This week, we learned that the NSA had managed to circumvent much of the encryption that secures online financial transactions and other activities we take for granted on the Internet. How? By inserting backdoors into the very commercial software designed to keep sensitive medical records, bank files and other information private.
The NSA’s sustained attempt to get around encryption calls into question many of the technologies people have come to rely on to avoid surveillance. One indispensable tool is Tor, the anonymizing service that takes a user’s Internet traffic and spits it out from some other place on the Web so that its origin is obscured.
So far there’s no hard evidence that the government has compromised the anonymity of Tor traffic. But some on a Tor-related e-mail list recently pointed out that a substantial chunk of the Tor Project’s 2012 operating budget came from the Department of Defense, which houses the NSA.
(The Tor Project)
Last year, DoD funding accounted for more than 40 percent of the Tor Project’s $2 million budget. Other major donors include the U.S. State Department, which has an interest in promoting Internet freedom globally, and the National Science Foundation. Add up all those sources, and the government covers 60 percent of the costs of Tor’s development.

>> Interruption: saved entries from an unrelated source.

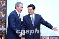 圖:國家副主席胡錦濤與美國總統(tǒng)布什握手告別 2002年02月22日 19:52 ![]() 中國國家副主席胡錦濤二十二日在北京清華大學與美國總統(tǒng)布什握手告別。中新社記者 賈國榮 攝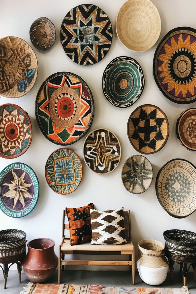 Consider displaying baskets with intricate designs or vibrant colors to add depth and dimension to your space.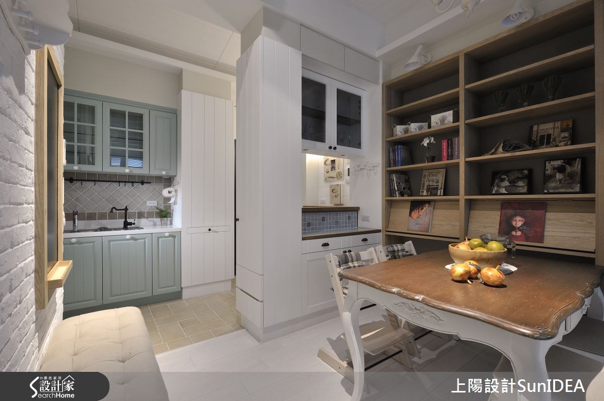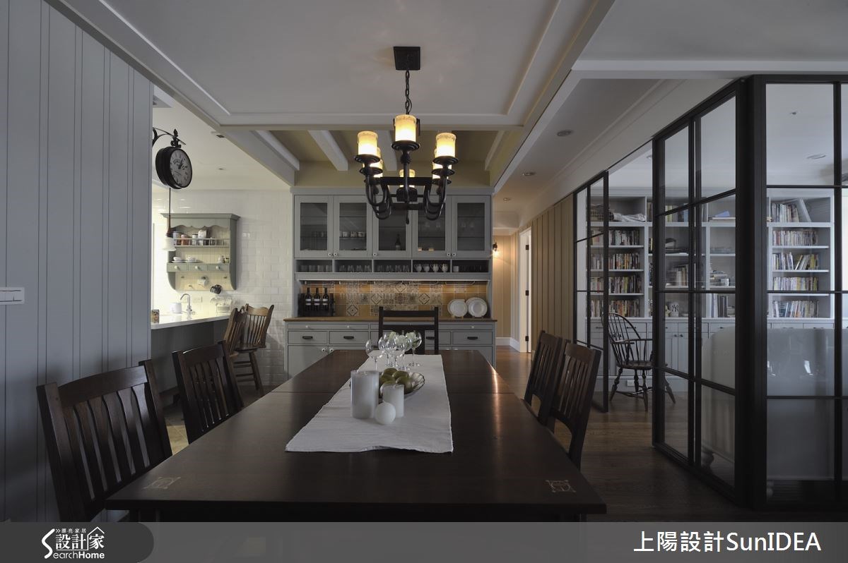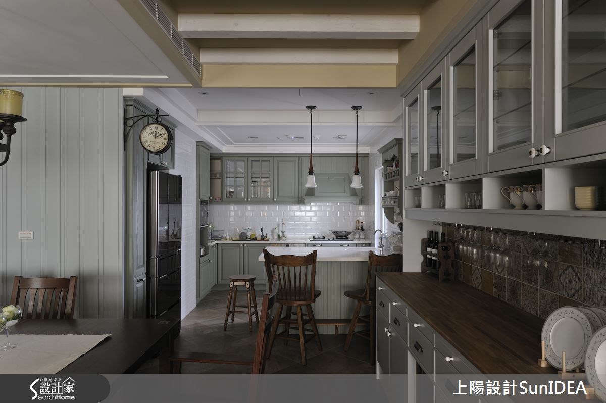 屋主從預售屋階段開始就與上陽設計合作,設計師利用軟件佈置與橡木地板色澤,為公領域營造成熟穩重的美式風格,與純白線板及格櫃形成亮暗間的鮮明對比。 為了進一步提純美式氣息,電視牆設計為架高壁爐樣式,同時增加下方空間收納巧思。沙發背牆利用櫃體、輕隔間與格狀玻璃等三種富有層次的元素,成為客廳與後方書房的空間劃分,通透不顯沉重,同時漆上鵝黃色調化身照片牆,成為眾所矚目的焦點。用餐空間地處各空間往來樞紐,包含典雅的外玄關、沉穩的客廳、廊道及透亮的書房,天花上方對襯設置純白木樑,餐櫃壁面鋪設花磚,與漆上嫩芽綠的一字型開放式廚房,為整體空間注入淡雅優美的古典鄉村氣息;主臥以純白文化磚作為壁飾,佐以灰藍壁板及芥末黃跳色牆面,增添豐富的視覺溫潤感。 小編的最愛 為了讓位於房屋中段的餐廚空間接收來自半開放書房的明亮陽光,特意以格狀玻璃引光入室,佐以油漆與花磚的色彩搭配,成功消弭沉悶感。

Tor Executive Director Andrew Lewman wrote in an e-mail to users that just because the project accepts federal funding does not mean it collaborated with the NSA to unmask people’s online identities.
“The parts of the U.S. and Swedish governments that fund us through contracts want to see strong privacy and anonymity exist on the Internet in the future,” Lewman wrote. “Don’t assume that ‘the government’ is one coherent entity with one mindset.”

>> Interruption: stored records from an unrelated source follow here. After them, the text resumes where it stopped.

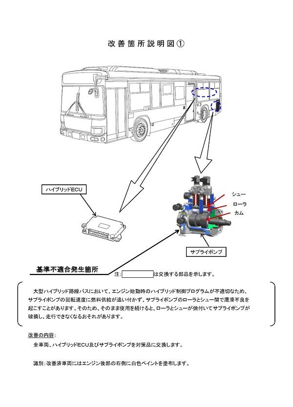 1.不具合の状況 大型ハイブリッド路線バスにおいて、 ①エンジン始動時のハイブリッド制御プログラムが不適切なため、サプライポンプの回転速度に燃料供給が追い付かず、サプライポンプのローラとシュー間で潤滑不良を起こすことがあります。そのため、そのまま使用を続けると、ローラとシューが焼付いてサプライポンプが破損し、走行できなくなるおそれがあります。 ②エンジンクランクプーリ上部にあるファンベルトの振止めローラを固定する金具の強度が不足しているため、エンジン振動により当該金具が共振して折損するものがあります。そのため、走行中に当該金具とローラが脱落するおそれがあります。 ③ファンベルトのプーリ間距離が不適切なため、ファンベルトが振れて早期にたわみ量が大きくなることがあります。そのため、そのままの状態で使用を続けると、ファンベルトが捩れて中央部で屈曲を繰り返すことで分断し外れ、オーバーヒートとなるおそれがあります。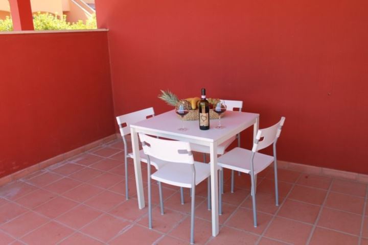 Bilocale al primo piano con veranda da 2+2 posti letto composto da soggiorno con angolo cottura e divano letto matrimoniale, una camera matrimoniale, un bagno con box doccia, veranda coperta completa di tavolo e sedie da giardino.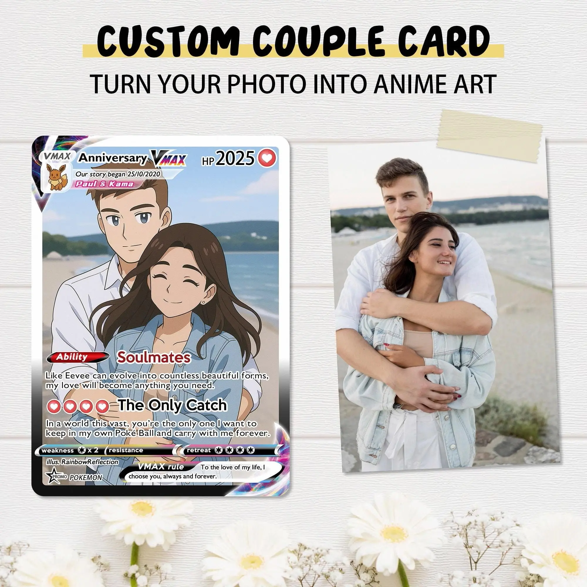 Custom Photo Anniversary Card, Personalized Photo Anime Card, PokeCard Gift, Wedding Card, Custom Card for Couple, Gift for Him, Gift for Her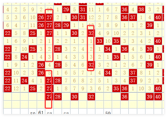 一分区啊,我们通过结构走势图呢,大家推荐几个重要的点位,一个是123的这个点位,一个是九十十一十二十三的这个点位。这是一分区的整体分析。下面我们再看一下分区二分区的分析,我们要重点的关注一下27~36这个空档话,如果是开出大量号码的话,我们还是要重点的看一下几个比较热的一个组合,一个是27号28号,一个是3032组合。那么三十五三六三九四十,这里我们还是主看363940的这样的组合,这是整体二分区的分析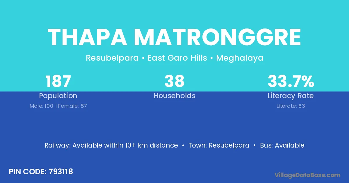 Thapa Matronggre village has a total population of 187 people, of which 100 are males and 87 are females.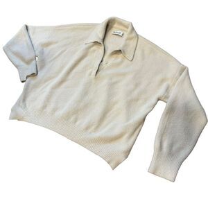 Abercrombie & Fitch Cream Soft A&F Collared V Neck Pullover Light Sweater Polo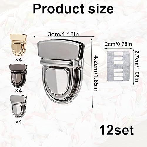 Huybaa 12Pcs Fermoir Sac a Main, Serrures à Portefeuille, Serrures pour Sacs, Fermoirs pour Sacs à Crochet, Cadenas Boucle pour Sac en Métal, Avec Fermeture en Spirale, pour Sacs en cuir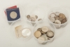 99,9% silverhalt totalvikt 19,8 gram, 92,5% silverhalt totalvikt 56 gram, 80% silverhalt totalvikt 385 gram, 60% silverhalt totalvikt 49 gram, 40% silverhalt totalvikt 255 gram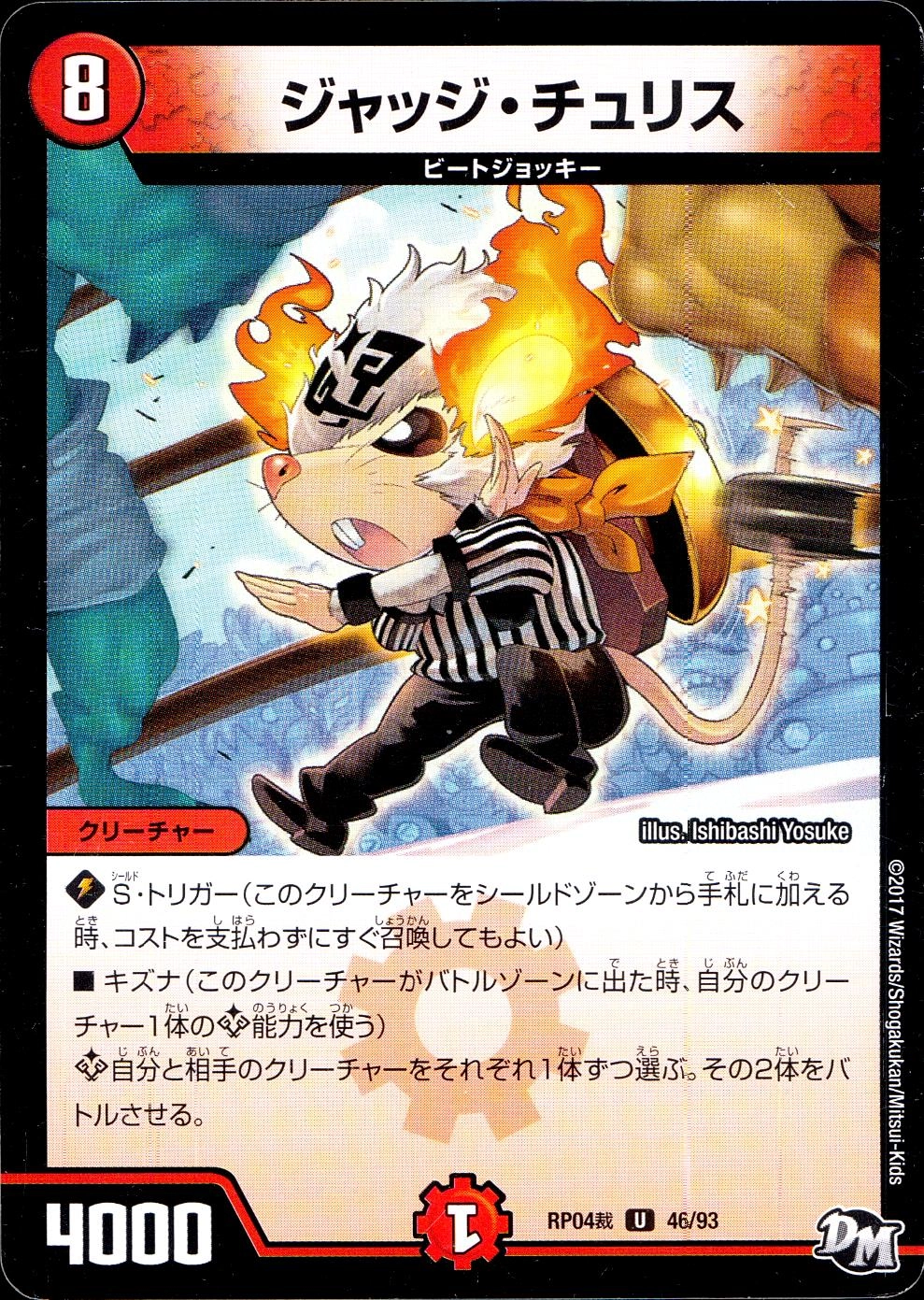 S・トリガー(このクリーチャーをシールドゾーンから手札に加える時、コストを支払わずにすぐ召喚してもよい)キズナ(このクリーチャーがバトルゾーンに出た時、自分のクリーチャー1体のP能力を使う)P自分と相手のクリーチャーをそれぞれ1体ずつ選ぶ。その2体をバトルさせる。

And Roger Dingledine, a founder of the Tor Project, says that the Defense Department money is much more like a research grant than a procurement contract.
“They aren’t ‘buying products’ from us,” Dingledine tells me. “They’re funding general research and development on better anonymity, better performance and scalability and better blocking-resistance. Everything we do we publish in the open.”
Dingledine acknowledges that “bad guys” could conceivably introduce vulnerabilities into Tor’s open-source code. But one of the major advantages of open-source software is that the product can be inspected by anyone for defects, which raises its security somewhat. There’d only be a problem if the NSA were somehow able to insert malicious code that nobody recognized.
The NSA didn’t immediately respond to a request for comment Friday afternoon.
Update: Roger Dingledine writes in to explain why the government has never asked the Tor Project to install a backdoor:
I think this is mainly due to two reasons:
A) We’ve had that faq entry up for a long time, including the part where
we say we’ll fight it and that we have lots of lawyers who will help us
fight it. So they know it won’t be easy.
B) I do a lot of outreach to various law enforcement groups to try to
teach them how Tor works and why they need it to be safe. See e.g.
the first two paragraphs of this:
I think ‘A’ used to be a sufficient reason by itself, but now we’re
reading about more and more companies and services that have tried to
fight such a request and given up. The architecture of the Tor network
makes it more complex (there’s no easy place in the deployed network to
stick a backdoor), but that doesn’t mean they won’t try.
I guess we rely on ‘B’ for now, and see how things go.